Modus
Serangan Israel ke Gaza
Muhammad Ja’far ;
Pengamat Politik Timur Tengah
|
KORAN
TEMPO, 14 Juli 2014
Baru
sebulan yang lalu, asa perdamaian Israel-Palestina merekah melalui inisiatif
Paus Fransiskus mempertemukan Presiden Palestina Mahmud Abbas dengan Presiden
Israel di Vatikan. Melalui pertemuan 25 Mei 2014 tersebut, Paus ingin
membangkitkan kembali spirit persaudaraan agama sebagai landasan perintisan
kembali perundingan damai. Namun, kini, asa itu sudah layu lagi oleh aksi
militer sepihak Israel ke Gaza.
Aksi
militer, terutama terhadap Gaza, menjadi modus yang digunakan Israel untuk
beberapa tujuan. Setidaknya ada tiga modus aksi militer ini, yaitu:
Pertama,
aksi militer kerap digunakan oleh Israel sebagai strategi untuk
mendelegitimasi sebuah perundingan damai yang sebenarnya berjalan
konstruktif. Tentunya, aksi ini inisiasi kelompok konservatif yang cukup
dominan dan berpengaruh dalam perpolitikan Israel, terutama parlemen
(Knesset), untuk meluluskan sebuah kebijakan militer.
Kedua,
aksi militer juga menjadi modus Israel untuk menarik mundur sebuah hasil
perundingan dengan Palestina, agar kembali ke titik "netral" yang
dikehendaki Israel. Ketika sebuah proses perundingan menyepakati klausul
kesepakatan yang tidak dikehendaki oleh faksi konservatif di Israel, aksi
militer kerap digunakan untuk mendelegitimasi klausul tersebut. Perundingan
mundur satu langkah secara sekejap, padahal dirintis dalam tempo yang cukup
lama.
Ketiga,
selain dua modus tersebut, aksi militer menjadi strategi Israel untuk menekan
faksi politik di lingkup internal Palestina. Aksi militer Israel sering kali
ditujukan sebagai simbol sekaligus alat tekanan politik terhadap Hamas
sebagai salah satu faksi di Palestina. Dengan modus tekanan ini pula Israel
berupaya mengantisipasi terjadinya rekonsiliasi politik antara faksi yang
berival di lingkup internal Palestina. Terutama antara Hamas dan Fatah. Dalam
beberapa bulan terakhir, Hamas dan Fatah sedang menjajaki proses rekonsiliasi
yang menargetkan terbentuknya pemerintahan bersatu di antara keduanya. Ini
langkah maju bagi kalangan internal Palestina, namun bisa menjadi langkah
mundur bagi kepentingan sepihak Israel. Rekonsiliasi Hamas-Fatah akan menyolidkan
daya tawar politik negara tersebut di hadapan Israel.
Selama
ini, Israel banyak diuntungkan oleh, sekaligus memanfaatkan secara
manipulatif, friksi politik yang terjadi di antara keduanya untuk melemahkan
posisi tawar politik Palestina di meja perundingan. Israel sering menekan
Fatah untuk memilih antara dua opsi: berdamai dengan Hamas atau Israel.

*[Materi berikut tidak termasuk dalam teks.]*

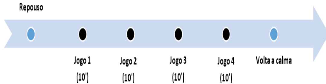
Figura 1 - Etapas da sessão experimental; Seta pequena em azul: medidas contínuas da frequência cardíaca; Seta em laranja: medidas de pressão sanguínea ao final de cada jogo; Quadrado negro: repouso entre os jogos na sessão

Terakhir, pernyataan semacam ini dilontarkan Perdana Menteri Israel Benyamin
Netanyahu pada April lalu, menanggapi rencana rekonsiliasi Hamas-Fatah. Menteri
Luar Negeri Israel Avigdor Liberman juga mengatakan secara keras bahwa
prospek rekonsiliasi Hamas-Fatah tersebut membuat kesepakatan damai
Israel-Palestina menjadi "tidak mungkin". Meski proses rekonsiliasi
Hamas-Fatah masih butuh waktu, komitmen, dan konsistensi di antara kedua
faksi tersebut, prospek itu setidaknya telah menjadi lampu kuning bagi
beberapa faksi di Israel.
Aksi
militer Israel ke Gaza saat ini mendekati pola modus yang kedua dan ketiga,
yaitu semakin menarik mundur perkembangan perundingan dan mengantisipasi
prospek rekonsiliasi Hamas-Fatah. Terbuka kemungkinan, dua hal ini
berkelindan dan saling mempengaruhi. Di tengah upaya pemerintahan Obama untuk
mencapai perkembangan impresif perundingan damai melalui tangan dingin Kerry,
Israel justru melakukan langkah sebaliknya: menarik mundur. Aksi militer ke
Gaza ini juga dapat dibaca sebagai strategi Israel untuk memberikan tekanan
politis tidak langsung kepada Hamas dan Fatah, terkait dengan proses
rekonsiliasi keduanya. Israel memutuskan untuk menangguhkan proses
perundingan pasca-perintisan rekonsiliasi Hamas-Fatah.
Setidaknya
ada lima isu yang selama ini menjadi materi perundingan damai
Israel-Palestina selama ini, yaitu status teritori Yerusalem, garis
perbatasan negara, permukiman, pengungsi, dan jaminan keamanan kedua negara.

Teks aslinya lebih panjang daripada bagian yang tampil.